5.3.5. The Primary Key: ArchID

A stable, primary key ID number was assigned to all phenomena that were individually mapped. Every feature or artifact, including sites, loci, and individual artifacts that were mapped separately, were assigned their own "ArchID" number in a single number series regardless of the archaeological feature type. The ArchID primary key is a unique identifier integer that was value-free, as no further feature information was embedded in the number. For example, some archaeologists may classify sites by number range. In that system, rock shelter sites might be numbered between 100 and 200, and administrative structures might fall between 400 and 500, for example. However, that type of encoding of meaning into ID numbers is problematic for database design. The primary key approach adopted here is consistent with database normalization methods and the First Normal Form (Codd 1970) where one ensures that each table has a primary key that serves as minimal set of attributes that can uniquely identify a record. The First Normal Form further specifies that repeated fields be eliminated, and that each attribute must contain a single value and not a set of values. This kind of tabular organization is intuitive for those who have worked with computer databases, but the database normalization literature makes these features explicit.

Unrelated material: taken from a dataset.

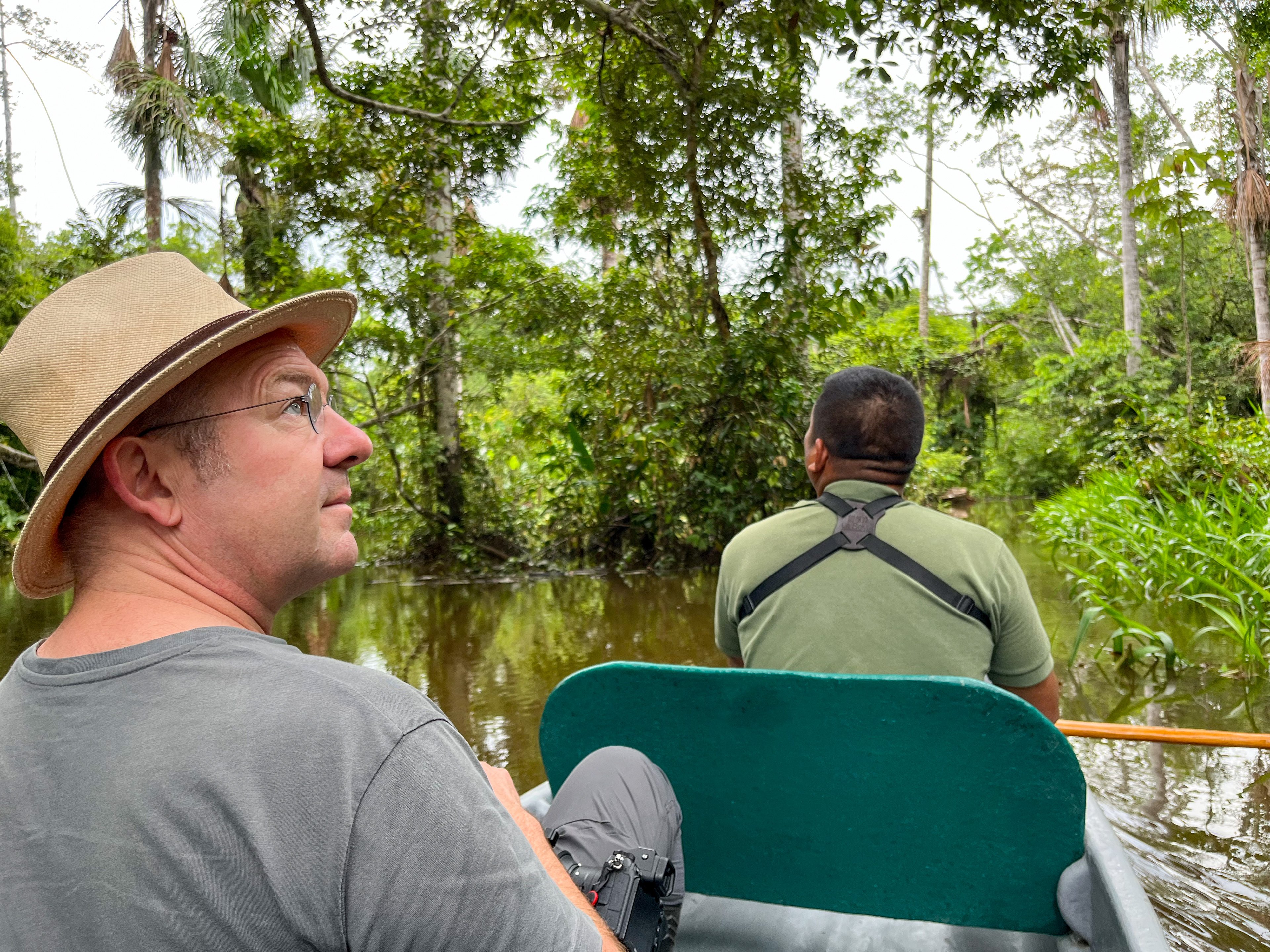 Oktober 2022: na 30 jaar terug naar Zuid - Amerika. Alvorens aan te sluiten bij een groepsreis naar de Galapagos, trokken we eerst een tiental dagen rond in het Noorden van Ecuador. Eerst verkenden we de ruime omgeving van Mindo, in de cloud-forest. Onder de deskundige begeleiding van Dr. Heike Brieschke leerden we prachtig gekleurde vogels kennen: toekans, kolibries, tanagers, valken, spechten, gieren... We reisden verder naar de mooie koloniale hoofdstad Quito, om tenslotte door te reizen naar de Amazone. Na een tocht van 2 uur met een speed-prauw op de Napo river, stapten we over op een roeiboot richting LA SELVA. Wat een pracht!

The ArchID approach to numbering sites, loci, and artifacts in a single series is consistent with the low-interpretation field documentation system. The approach to survey provenience used in the Upper Colca survey is low-interpretation because an interpreted hierarchy is not encoded in the proveniencing system. For example, in some systems the Site ID# is primary, and structures and artifacts encountered inside that site are numerically subsumed by the site numbering, unless they are isolates. In other words, sites receive the principal numbering system, and any artifacts and features found "inside" sites receive index numbers from a secondary range that force the site assignment into the proveniencing of every artifact in that area. The weakness and spatial dependence of this system become more evident when features from different temporal occupations are recorded in a single, multicomponent site. In contrast, the upper Colca survey used a single number series so that the "site" assignment number did not intrude into the proveniencing of every feature inside the site, as features were mapped individually and thus were independent spatial entities.

The advantage to this approach, and to categorizing sites in later analysis rather than in the field, is that documentation and interpretation are distinct steps and data can be reinterpreted and individual loci reassigned to other time periods independently of the site context and spatial provenience in which they originally belonged. In other words, the GIS does the work of spatial provenience, proximity, and overlay, while numbering systems are dedicated only to the task of serving as a key for referencing records and tables in the database. Categories and types were used in this document for analysis, data presentation and summary, however, in the course of original data acquisition during fieldwork there was an explicit effort to document features based on simple artifact and feature characteristics rather than by a generalized typology or classification. There is no single file with all ArchID numbers represented, as they are distributed across the nine file types shown above in Figure 5-7a. However, in a post-fieldwork GIS processing step an "All_ArchID_Centroids" point file is created that serves as a single reference point for all ArchID numbers used throughout the season (see Section 5.10.1).